To address these inefficiencies, we propose LÆGIS, a design that opportunistically pre-encrypts pages on the CPU. LÆGIS leverages secure high-bandwidth memory (HBM) for flexible IV management, introducing an IV Bank stored in 3D-stacked HBM that decouples encryption from CPU–GPU synchronization while eliminating the need for integrity trees. This enables out-of-order encryption and substantially improves UVM performance under CC. Our evaluation shows that LÆGIS significantly reduces CC overhead, achieving up to 3.13× (2.22× on average) and 5.05× (2.74× on average) speedup over the CC baseline under default and aggressive prefetching, respectively.
Coming soon.
We present NetCrafter, a set of novel techniques to manage network traffic, especially across low-bandwidth links in multi-GPU systems. NetCrafter reduces the volume of flit traffic by (i) stitching compatible, partially filled flits, (ii) trimming unnecessary flits to avoid redundant transfers, and (iii) sequencing flits so that latency-sensitive ones arrive at their destinations faster.

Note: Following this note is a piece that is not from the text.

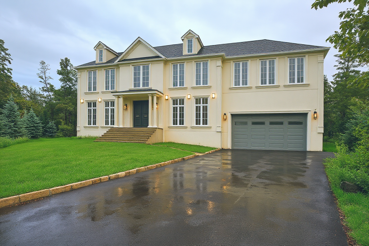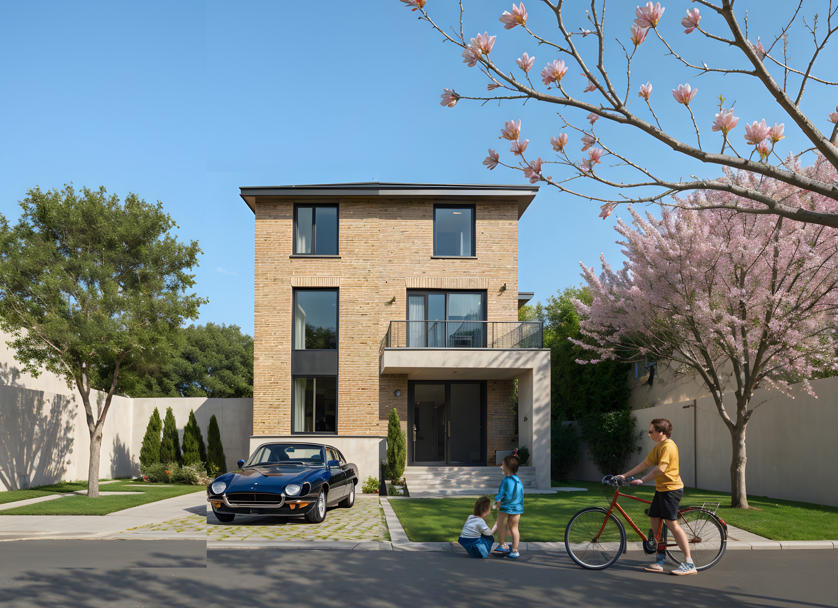 create a highly realistic rendering with toronto architecture houses beside and a car going through a side lane

Confidential computing (CC) is a critical technology for protecting data in use. By leveraging encryption and virtual machine (VM) level isolation, CC allows existing code to run without modification while offering confidentiality and integrity guarantees. However, the performance impact of CC in GPU-based systems can be significant. In this work, we present a comprehensive performance evaluation of CC guided by a simple performance model. Specifically, we start by evaluating CUDA applications with a focus on data transfer, memory management, encryption, kernel launch, and kernel execution. We also present a detailed event-level analysis of these applications, revealing that the execution times of kernels that do not use unified virtual memory (UVM) are mostly unaffected, while associated kernel launch overhead and queuing time increase significantly. On the other hand, the execution time of kernels using UVM increases drastically under CC, in addition to other launch and queuing overheads. We also study CNN training and LLM inference to see how CC overhead would affect them. Finally, we consider several optimization techniques, including kernel fusion, overlapping, and quantization, towards addressing the overheads of CC.